|Perl: the Markov chain saw|
Re^2: exports -- which module exports are used? (parsing)by tye (Cardinal)
|on Sep 17, 2013 at 14:45 UTC||Need Help??|
I mentioned this in my write-up. So far I actually like seeing the false positives (except sometimes for POSIX.pm because it exports such a huge number of simple English words) because sometimes they call out out-of-date comments, out-of-date logging, or commented-out code. Even in the case of POSIX, the overhead of stripping out the false positives by hand is little work, IME.
I could use PPI or a compiler back-end (such as B::Xref) or an op-tree inspector. But not only would that skip the so-called "false positives" that I'm interested in (as well as the annoying real false positives), but it would also miss uses inside of simple eval $string constructs.
But I am considering using a compiler back-end to separate out the unambiguous uses that can be summarized more succinctly and keep the current output format for only the "likely false positives". B::Xref sounds almost tailor made for this type of application.
However, after running B::Xref on a couple of example modules and scripts, I found that not only did its output contain a lot of information that is not applicable (which wasn't a surprise), but I found a shocking 0% of the desired information in the output. I also found quite a bit of information that looked simply invalid.
Now having looked at B::Xref more extensively, I suspect that I just couldn't find the relevant information amid the huge volume of uninteresting or bizarre information (but I also didn't do the deeper look on as many examples). Unfortunately, giving it the "-d" option not only eliminated the information it is documented to remove (none of which I was interested in), but reduced the output to a tiny amount of information, excluding everything applicable to this problem. This leaves me a bit wary of the soundness of the module.

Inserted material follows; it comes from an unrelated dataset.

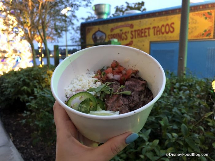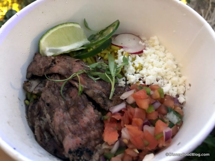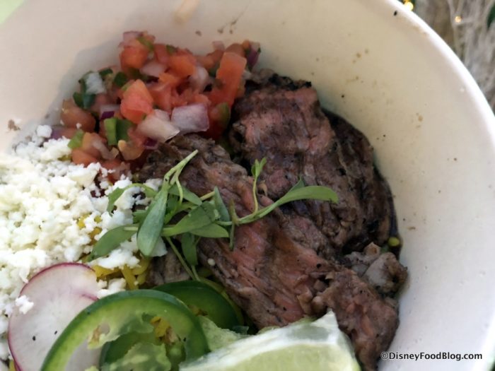 What stands out at Springs’ Street Tacos — and this is typical from our visits to the Disney Food Trucks — is the super fresh quality of the ingredients, giving everything a nice, bright flavor and zip. The Steak Bowl is no exception.

So picking a single symbol so that I could filter out the irrelevant information, I was able to look closely and it seemed to find all of the uses of that symbol. Unfortunately, the line numbers are only accurate to the "statement" level, which makes lining up these with the string matches I already find significantly more challenging. But if I only show the "false positives" for symbols that have no known positives, then that is probably workable.
I also hope to evaluate PPI in relation to this. I have other nefarious uses I hope to execute via PPI, after all.
However, the work required is significant enough and the potential gain minor enough, that I won't be surprised if I never get around to producing any useful improvements. I only have so many files of Perl code to run this against and the major benefit is from the first run. I never had a need for this tool for my own code.
But I do plan to put this on github which will make it easy for others to cooperate in extending it however they see fit.